Запонь

22
18
20
22
24
26
28
30

— Ну, чего валяешься? — спросила Серафима Максимовна хрипловатым, грубым, череповецким своим говорком. — Пролежни наживешь, и только. Ты что раньше-то делала? Или просто дочкой у родителей была?

— Я в медицинском училась, — сказала Нина. — И еще зажигалки на крыше гасила. Маму похоронила. О папе хотела поплакать, но слез у меня не нашлось. Вот и все. Больше я ничего не успела.

— Ну что же, — сказала Серафима Максимовна, — на ноги встанешь — устроим тебя на медпункте работать. Хворых всяких, калек хватает. А докторов у нас вет, на тебя вся надежда. Подымайся-ка, девушка, я тебя свожу погулять...

— Я сама умею, — сказала Нина, — я еще полежу немножко и встану. Я сегодня на работу утром ходила... Мне плохо сделалось, сознание потеряла. Клава, наш бригадир, меня домой привела. Я чуть-чуть полежу и встану.

— Не задерживайся, девушка, включайся в работу, — напутствовала Серафима Максимовна. — В коллективе не пропадешь. А вечером заходи-ка ко мне, чайку попьем. Я рядом с пекарней живу, у заведующей пекарней, Ефросиньи Михайловны...

Так ходила по поселку приземистая, ширококостная, похожая на мужчину женщина в полушубке, по баракам ходила, по поселку, по рейду, спускалась на запонь, лазала по залому.

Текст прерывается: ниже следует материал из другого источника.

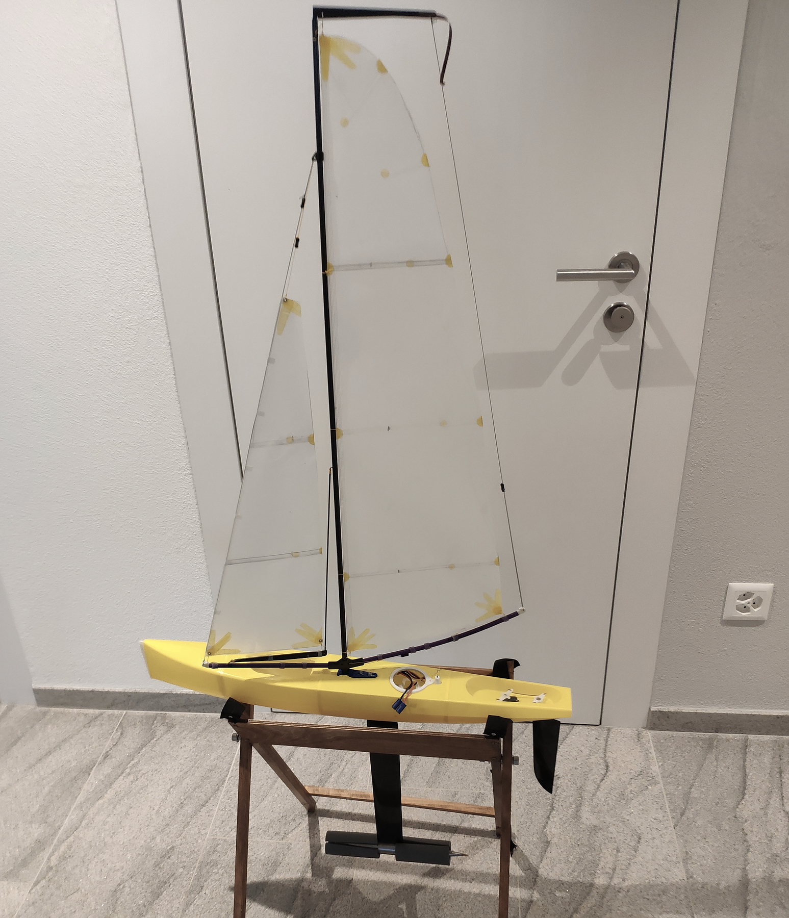 Habe großes Glück gehabt.Nach einigen Steckern hat sich der gedruckte Zugangsdeckel verabschiedet.Wurde aber erst bemerkt,als ich das Boot zur Trimmänderung an Land geholt habe.Ein Bierglas (0,3 L ) Wasser war schon im Rumpf.Eine weitere Runde und das Boot würde auf dem Grund des Teiches liegen.Damit hat sich der gedruckte Deckel erledigt,demnächst Papprollendeckel.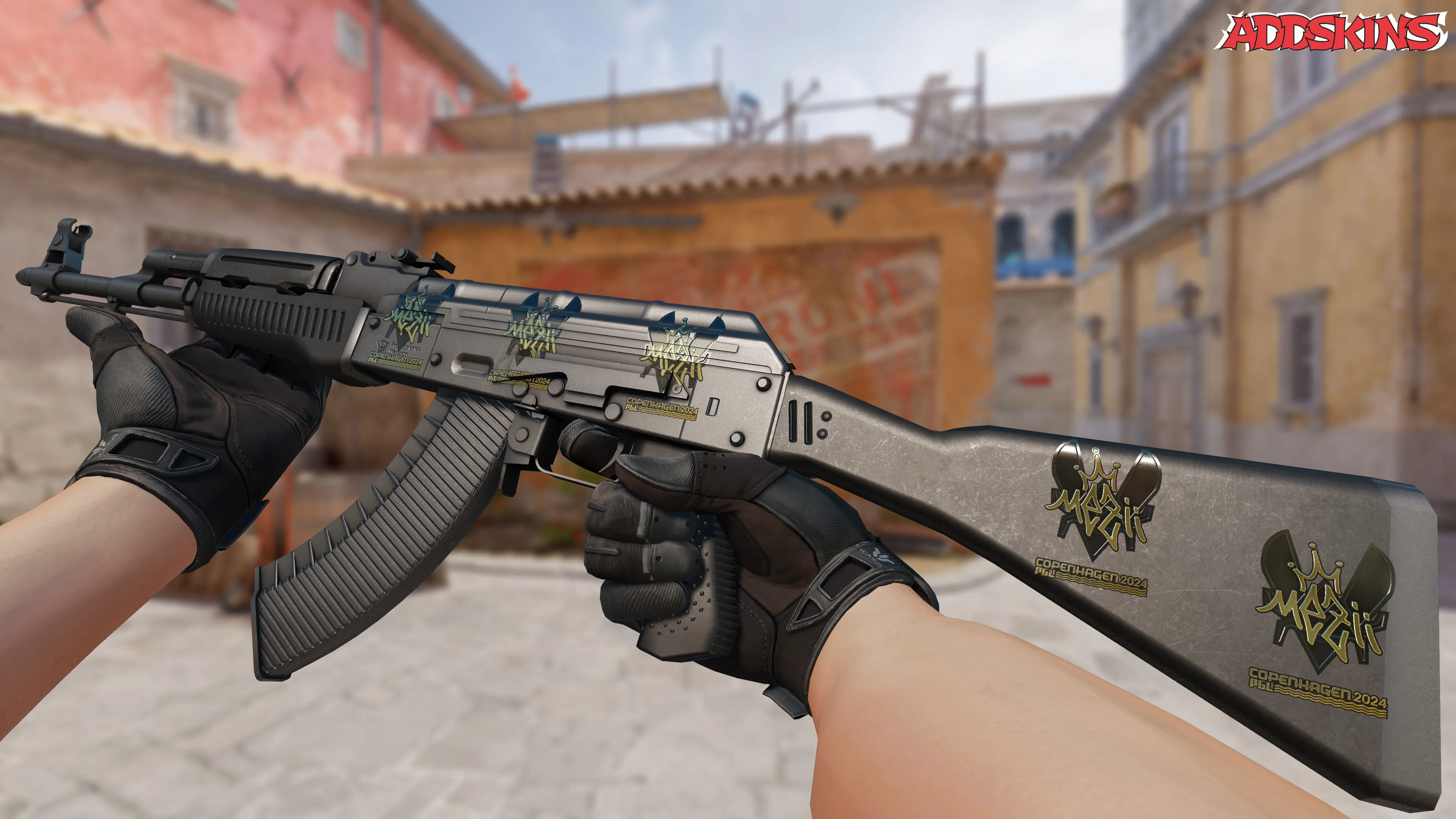 Скин в золотистом оттенке с изображением символов Копенгагена 2024, подчеркивающий стиль и решительность игрока. Этот скин отличается высоким качеством деталей и привлекает внимание своей уникальной графикой, добавляя игроку уверенности на поле боя.

Она разговаривала с девушками, и в голосе у нее не было сочувствия, жалости. Мужской был говор у инженера-механика. И повадки мужские. Только глаза смотрели со спокойной, мудрой, уверовавшей в себя, не поколебленной жизнью, беспредельной бабьей добротой.

Вечером Серафима Максимовна сказала Даргиничеву:

— Давай-ка, Степан Гаврилович, парня твоего переселим ко мне. Хватит уж ему в конторе-то отираться. Меня хоть на сплаве и век считают за мужика, а ведь все же я баба. Способней ему будет около меня.

Гошка противился этой перемене в своей судьбе, хныкал:

— Я с папкой буду...

Переселили его к Серафиме Максимовне. В бане намыли. Дырки заштопали на штанах.

Глава седьмая

1

Нина Нечаева вышла на волю и побрела туда, где пахло едой, — к столовой; ковыряла палкой в рыжем просевшем снегу: тут выплескивали кухонные ведра. Она подымала комья, очистки, ошметья, косточки, складывала в карман.

Многие девчонки искали в помойке съестное, под кроватями создавали запасы. Ели, жевали, глотали. Их кормили теперь досыта, но страх голода не утолялся, не проходил. Он был сильнее всех чувств и рассудка — изначальный инстинкт.

Нина услышала: кто-то пришел, стоит у нее за спиной. Подняла лицо от помойки; в отраженном снегами, полном, открытом солнечном свете голубизна ее лица казалась нанесенной кисточкой на фарфор. Нина зажмурилась, веки ее дрожали под тяжестью солнца. Она заслонилась варежкой. Директор стоял рядом с ней, улыбался.

— Ну что, декабристка? На весну солнышко поворачивает... Перезимовали, можно считать. Значит, живые будем. Не пропадем. Полно тебе в помойке-то ковыряться. Слава богу, пока есть что жевать. Вон, гляди, веснушки у тебя на носу — счастливая будешь.

— А что, — сказала Нина, — счастье — это когда по килограмму хлеба в день будут давать?

— Куда ж тебе килограмм-то? Это и мужику здоровому не съесть, живот только вспучит...

— Я гляжу на вас, — сказала Нина, — вы как большой теплый дом. Вам на роду написано — быть счастливым. Когда вы приходите к нам в барак, девчонки тянутся к вам — погреться около вашего счастья. Вы как солнышко для них. А мне, как бы это сказать? Мне вас немножечко жалко...

Совсем стал скучный директор, поправил ремень с кобурой.